#### Recorded data

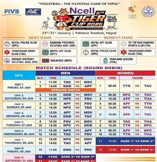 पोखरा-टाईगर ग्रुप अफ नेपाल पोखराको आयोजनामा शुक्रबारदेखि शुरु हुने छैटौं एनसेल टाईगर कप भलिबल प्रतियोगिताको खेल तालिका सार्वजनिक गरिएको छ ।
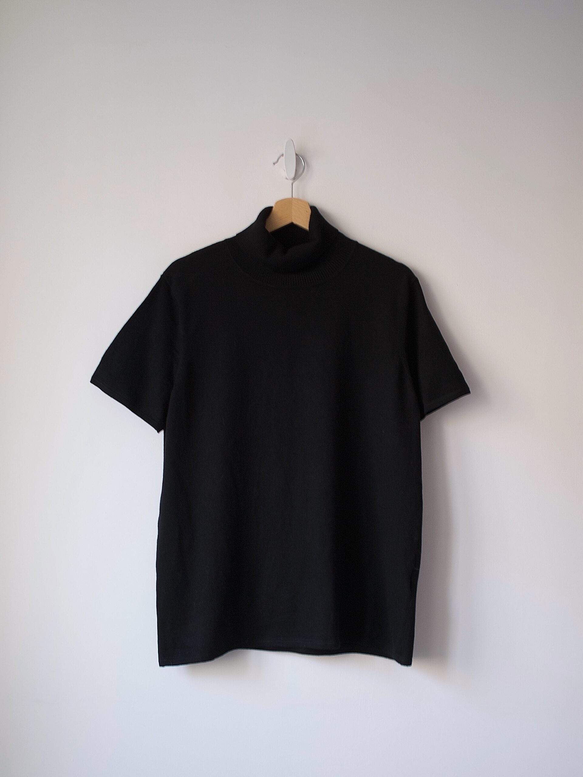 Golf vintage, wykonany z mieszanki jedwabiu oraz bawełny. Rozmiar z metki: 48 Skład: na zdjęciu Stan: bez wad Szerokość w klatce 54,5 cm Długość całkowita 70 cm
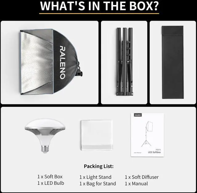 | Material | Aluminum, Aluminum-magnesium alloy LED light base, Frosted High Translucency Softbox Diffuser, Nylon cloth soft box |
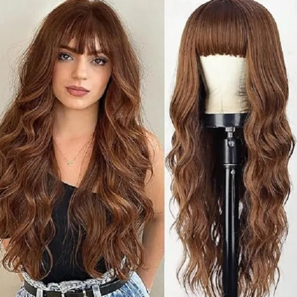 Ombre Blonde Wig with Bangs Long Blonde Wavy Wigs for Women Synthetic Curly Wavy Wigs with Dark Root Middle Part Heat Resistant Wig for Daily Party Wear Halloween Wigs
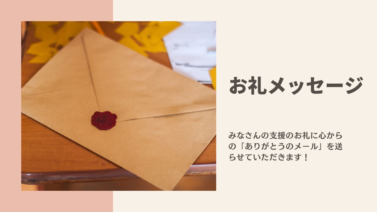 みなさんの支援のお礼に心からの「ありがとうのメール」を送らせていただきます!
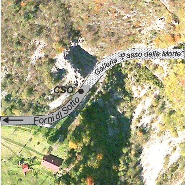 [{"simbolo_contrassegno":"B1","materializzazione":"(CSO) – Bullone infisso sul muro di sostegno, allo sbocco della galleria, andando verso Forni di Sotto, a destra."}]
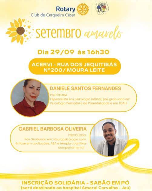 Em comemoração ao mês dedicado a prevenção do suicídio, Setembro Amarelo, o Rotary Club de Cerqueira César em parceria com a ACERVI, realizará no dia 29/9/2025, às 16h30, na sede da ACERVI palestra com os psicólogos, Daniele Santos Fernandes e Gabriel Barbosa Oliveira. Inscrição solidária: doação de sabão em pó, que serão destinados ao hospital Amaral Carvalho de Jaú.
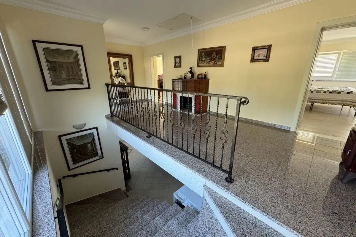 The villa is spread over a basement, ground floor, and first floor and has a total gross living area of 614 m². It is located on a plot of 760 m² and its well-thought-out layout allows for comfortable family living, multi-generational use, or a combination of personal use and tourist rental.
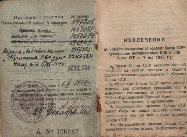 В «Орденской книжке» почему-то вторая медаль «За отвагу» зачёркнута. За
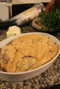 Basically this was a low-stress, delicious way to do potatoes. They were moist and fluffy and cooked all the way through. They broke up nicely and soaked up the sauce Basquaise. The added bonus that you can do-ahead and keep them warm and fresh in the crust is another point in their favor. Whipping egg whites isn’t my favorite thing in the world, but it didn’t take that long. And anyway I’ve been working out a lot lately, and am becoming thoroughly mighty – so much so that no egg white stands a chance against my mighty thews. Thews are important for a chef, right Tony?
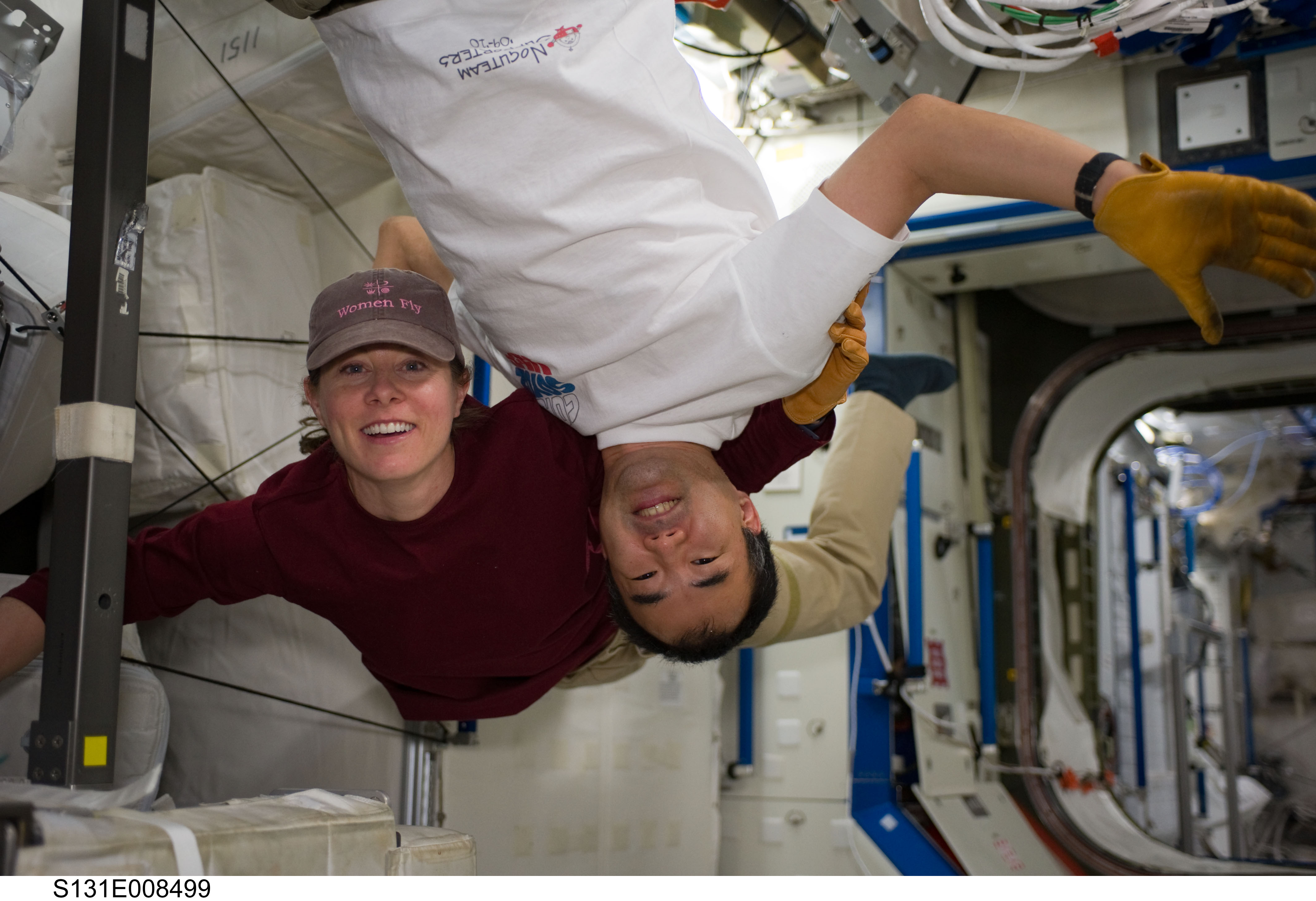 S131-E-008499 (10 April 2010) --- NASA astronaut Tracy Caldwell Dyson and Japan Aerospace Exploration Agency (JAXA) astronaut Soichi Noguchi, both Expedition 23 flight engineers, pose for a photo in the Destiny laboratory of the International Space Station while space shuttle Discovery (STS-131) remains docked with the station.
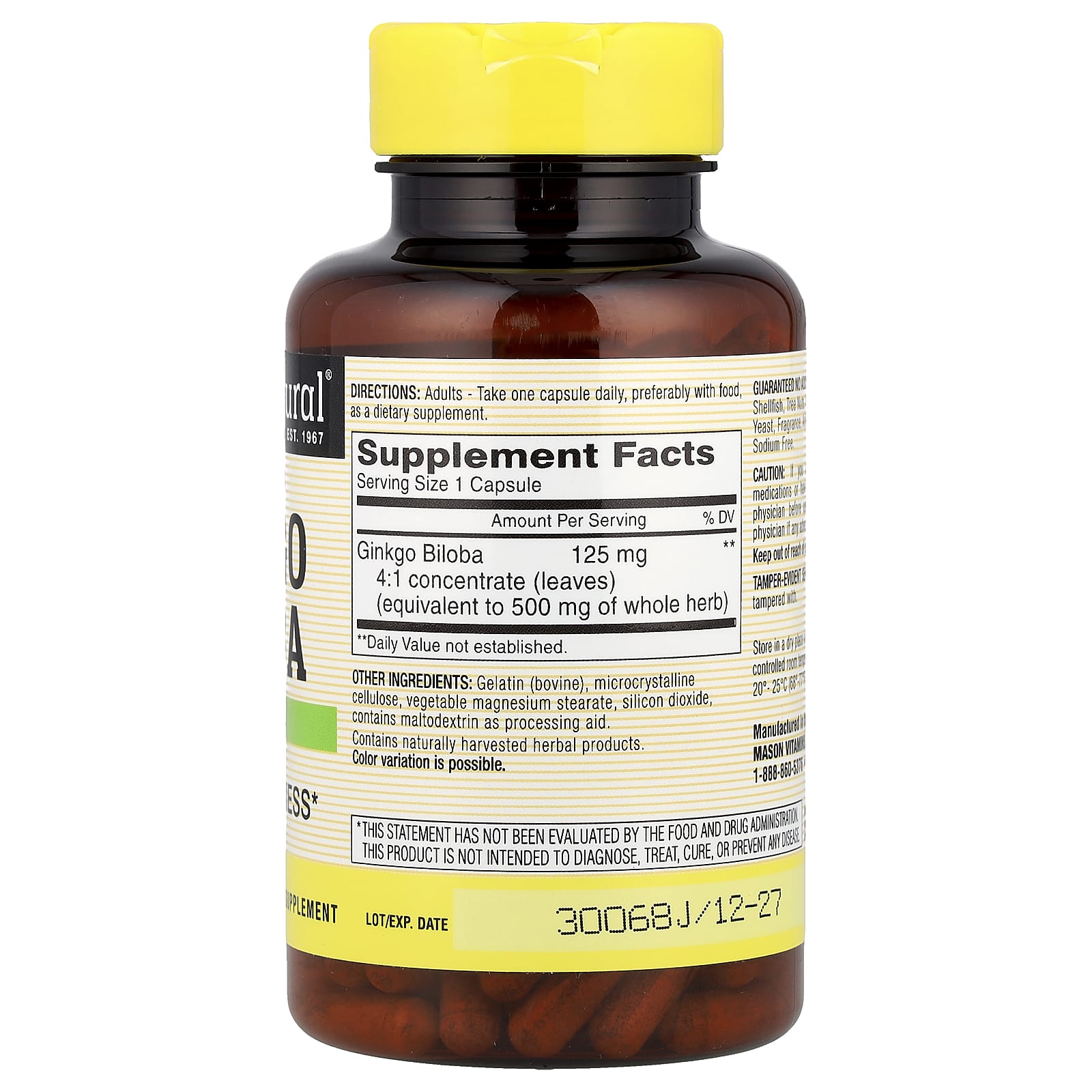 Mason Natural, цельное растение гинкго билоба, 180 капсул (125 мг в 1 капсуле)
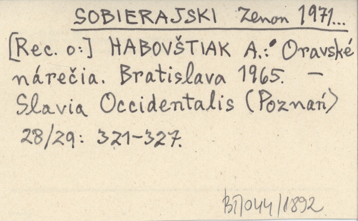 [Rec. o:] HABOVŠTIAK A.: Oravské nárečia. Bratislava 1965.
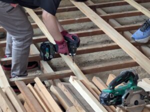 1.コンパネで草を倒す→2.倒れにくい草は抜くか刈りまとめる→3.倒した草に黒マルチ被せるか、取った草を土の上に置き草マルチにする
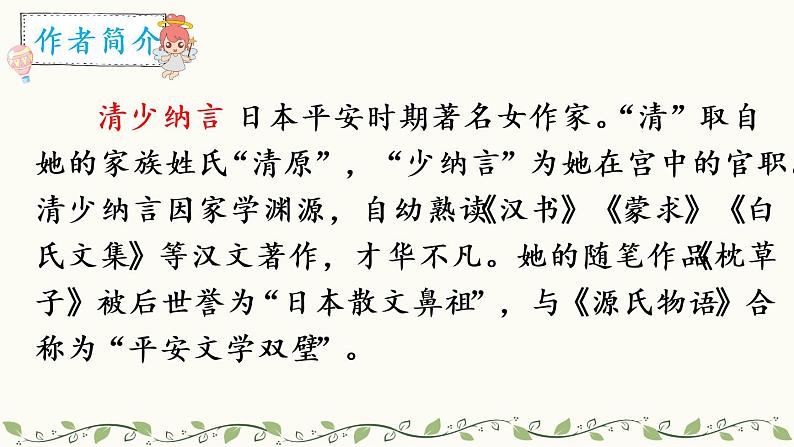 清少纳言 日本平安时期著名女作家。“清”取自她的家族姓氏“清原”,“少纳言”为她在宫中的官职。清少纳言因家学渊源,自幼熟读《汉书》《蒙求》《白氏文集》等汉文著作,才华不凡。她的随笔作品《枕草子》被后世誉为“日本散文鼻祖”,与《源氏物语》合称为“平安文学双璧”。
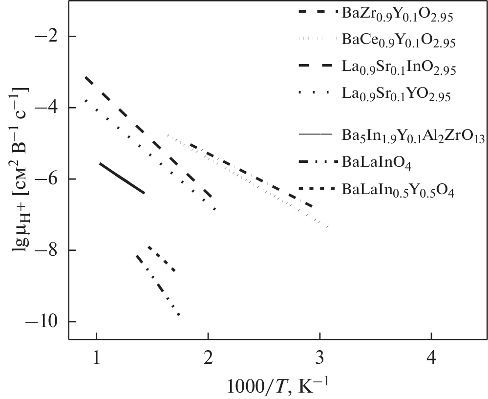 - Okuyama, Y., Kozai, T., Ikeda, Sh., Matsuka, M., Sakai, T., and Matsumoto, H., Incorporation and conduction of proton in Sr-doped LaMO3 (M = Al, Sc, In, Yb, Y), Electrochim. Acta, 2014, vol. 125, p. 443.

########

Please write out exactly, and only, the lines from the beginning of the entries through the line containing "Golf vintage, wykonany", including both and skipping all pictures.

§ Reply:
 पोखरा-टाईगर ग्रुप अफ नेपाल पोखराको आयोजनामा शुक्रबारदेखि शुरु हुने छैटौं एनसेल टाईगर कप भलिबल प्रतियोगिताको खेल तालिका सार्वजनिक गरिएको छ ।
 Golf vintage, wykonany z mieszanki jedwabiu oraz bawełny. Rozmiar z metki: 48 Skład: na zdjęciu Stan: bez wad Szerokość w klatce 54,5 cm Długość całkowita 70 cm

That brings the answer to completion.